Apparently the VC dealerships are advertising the stoves as vent free, regardless of what may be in 1 particular VC Catalog.
https://thefireplaceshowcase.com/vermont-castings-gas-stardance-vent-free.htm
https://thefireplaceshowcase.com/pdf/MHSC-11103_VC_Vent_Free_Stoves_VC1208_V4.pdf



wooduser said:


> I have provided you with EVIDENCE,  not opinions.  I invite you to do the same.   Apparently you consider that to be bullying.


----------



## wooduser (Jan 4, 2019)

Thank you for documenting that VC Radiance stoves can also be unvented equipment.

I learned something new today!


----------



## KeithO (Jan 4, 2019)

Perhaps I missed it but is the stinky stove being run on propane or NG ?   

I had an experience with a "Big Buddy" heater that I was running off a 20lb propane cylinder through a long adapter hose, that the hose seemed to absorb mercaptan out the propane, perhaps since the hose was subject to the full propane vapor pressure ?   It just got worse and worse the longer I used that hose, it positively reeked.   Eventually I disconnected the hose and hung it in the garage and it still stunk 2 years later.

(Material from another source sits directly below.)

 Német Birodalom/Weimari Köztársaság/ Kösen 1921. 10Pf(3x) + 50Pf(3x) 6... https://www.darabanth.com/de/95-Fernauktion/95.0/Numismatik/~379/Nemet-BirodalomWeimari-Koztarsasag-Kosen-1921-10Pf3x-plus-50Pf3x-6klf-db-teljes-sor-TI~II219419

I dont know much about the additive that is put into propane and NG except that there is a dosing station a few miles from my house and that place reeks too any time you drive by it. 

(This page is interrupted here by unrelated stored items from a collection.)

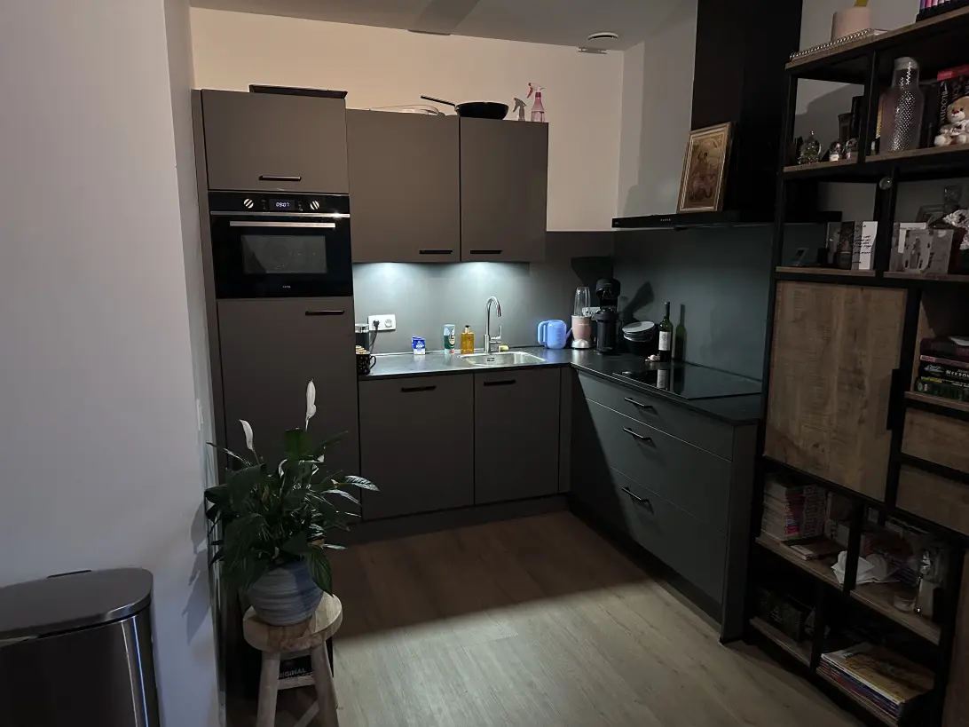 - Woonkamer met open keuken welke is voorzien van onder andere een koelkast (zonder vriesvak), combimagnetron, inductiekookplaat met 4 kookzones, recirculatie afzuigkap en vaatwasser;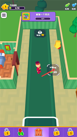 4、積累資源后,點擊解鎖房間的標識,消耗30金幣解鎖新房間,擴大旅館經營規模,承接更多客人。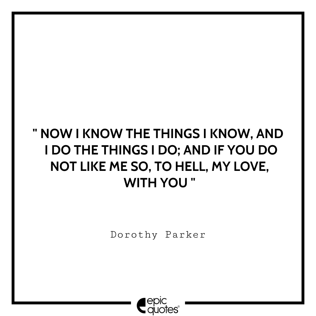 6 Now I know the things I know, and I do the things I do; and if you do not like me so, to hell, my love, with you -Dorothy Parker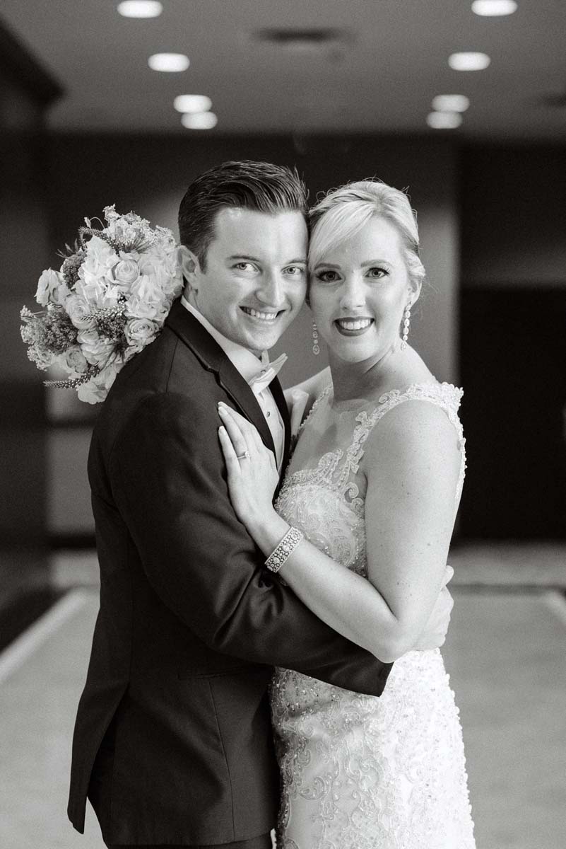 Erin knew that she wanted to work with photographer Kate Panza, who’d shot a friend’s wedding, but she had no interest in micromanaging the rest of the plans (“I didn’t care what color napkins we had”), so she found a venue that could take care of most of the details in-house. Aristide Colleyville, formerly known as Piazza in the Village, hosted both ceremony and reception and provided a wedding coordinator, catering, place settings, lighting and much more. The venue even live-streamed the wedding. “Our grandmothers are both unable to travel, but they were able to watch it,” she says.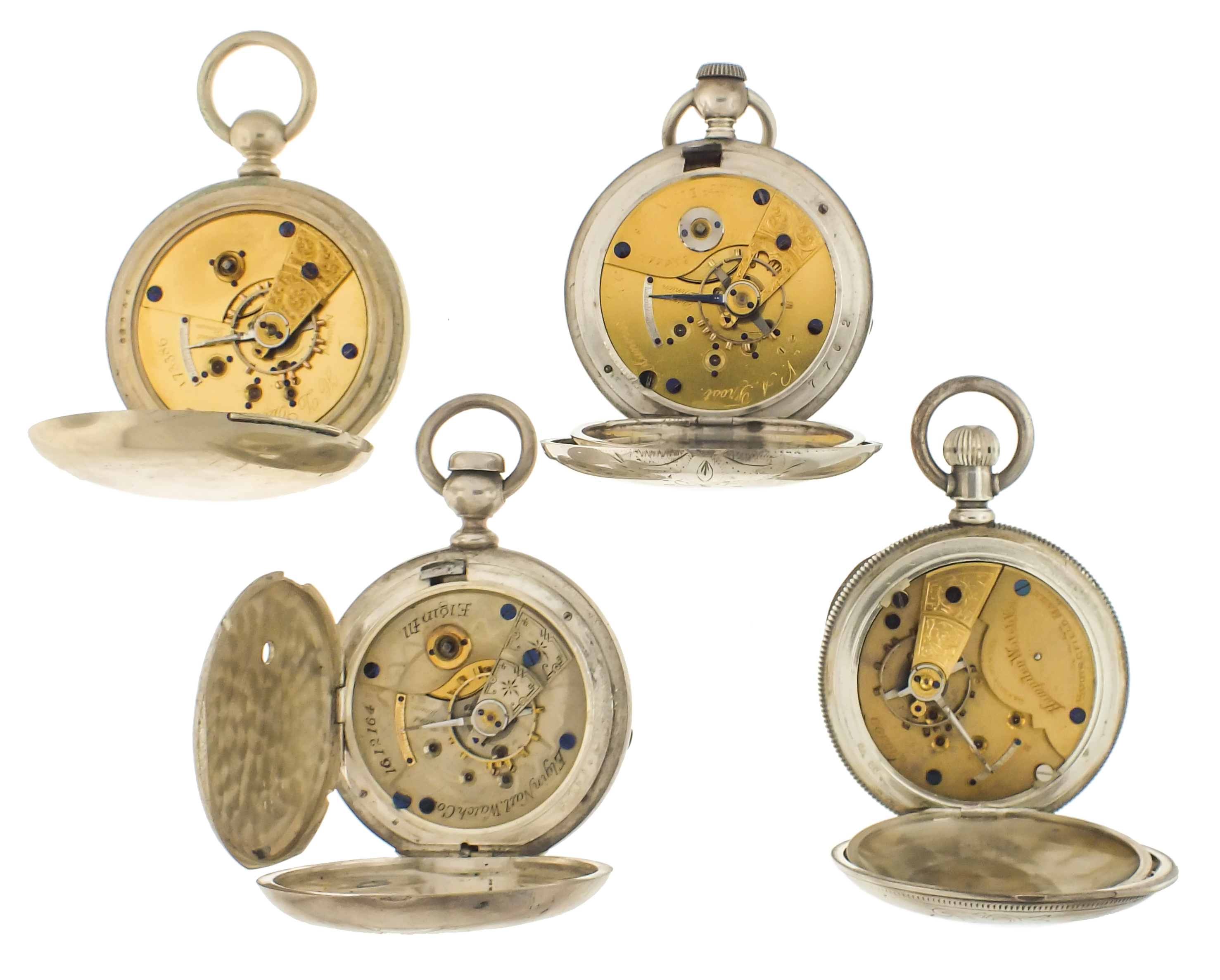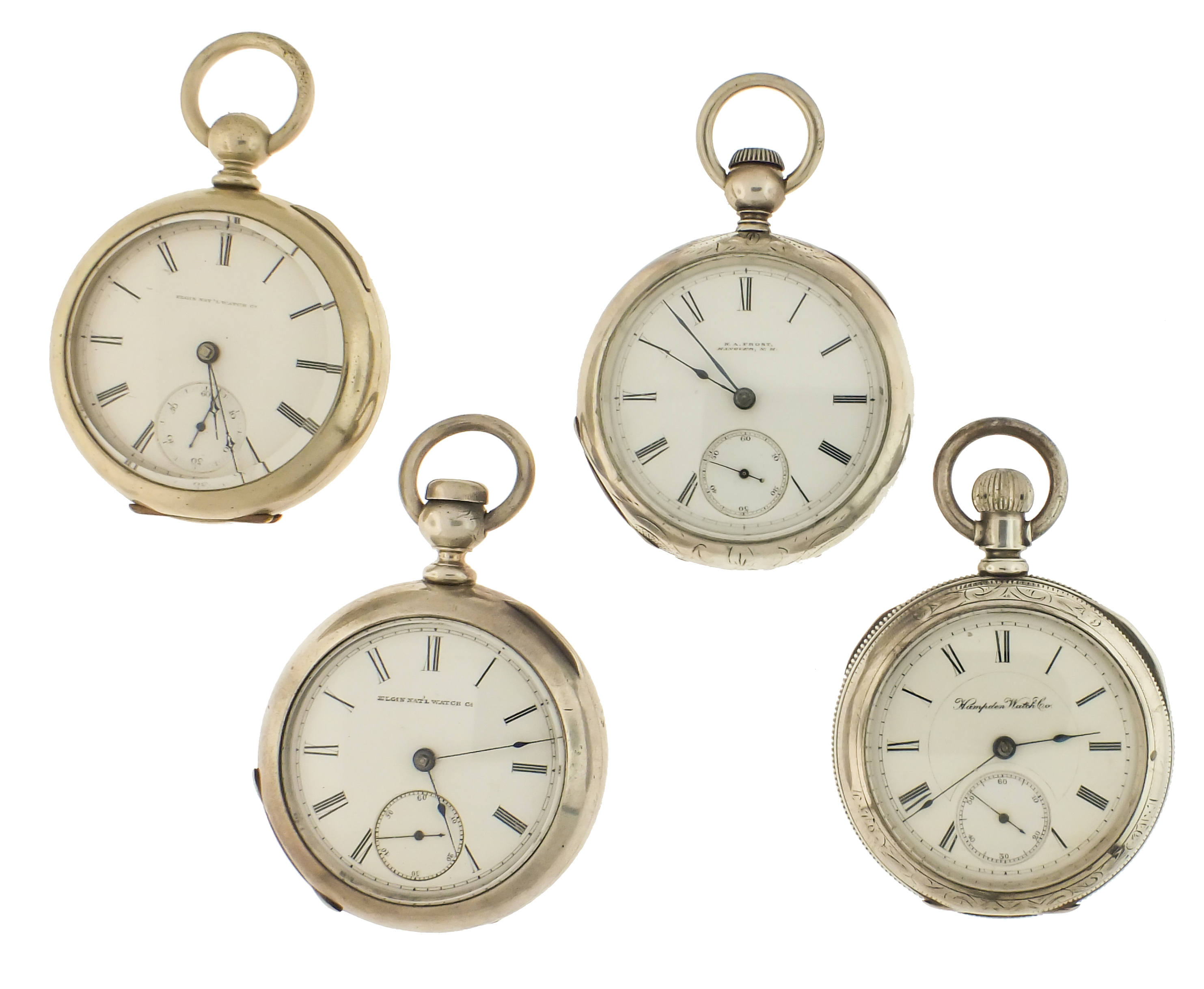 Pocket watches- 7 (Seven), all 18 size, makers including Elgin, Seth Thomas, Hamilton, and Hampden, key and stem wound, 11- 21 jewel movements, arabic and roman numeral white enamel dials, silver, gold filled, and nickel open face cases

Is it possible that the layout of your gas piping is allowing mercaptan to accumulate somewhere and then you get hit with it when you fire up the stove in winter ?    Especially with a ventless stove, you are super succeptible to any contamination, whether in the room air or the gas supply.   With a direct vent stove you are largely protected from this since neither room air is used, nor are the combustion gasses released into the room.  

Vent free heaters are tempting products, but the more you need to use them, the more one probably is going to dislike them.


----------



## KeithO (Jan 4, 2019)

In doing more research, mercaptan will condense at 32F to a liquid.   It only takes a very small amount to detect, reportedly down to 1 part per billion.  OSHA lists maximum exposure to 10ppm (parts per million).  The dosing rate in NG is not that clear to me but apparently up to 10ppm in Natural gas.  It is apparently flammable, and I dont know what it oxidises to.


----------



## Mightydog (Jan 27, 2019)

I’ve got a Vent Free Radiance running on LP.  Bought new in 2000.  Always get a certain “smell” due to unvented combustion.  After issues with the Honeywell valve assembly that has been discontinued with no replacement we decided to go with a new Radiance Direct Vent model.  Just vent up our chimney using a 4” flex pipe.  Have also had an ECOFAN sitting on top which gently directs hot air into the room.  Hope I get as many years with this as the old one.  Issue with the valve is when I turn the knob from pilot to on the pilot would immediately go out.  New thermocouple assembly last month.  At that time it would turn on and burn for approximately 30-45 minutes then go out.  Oh well...19 good years.


----------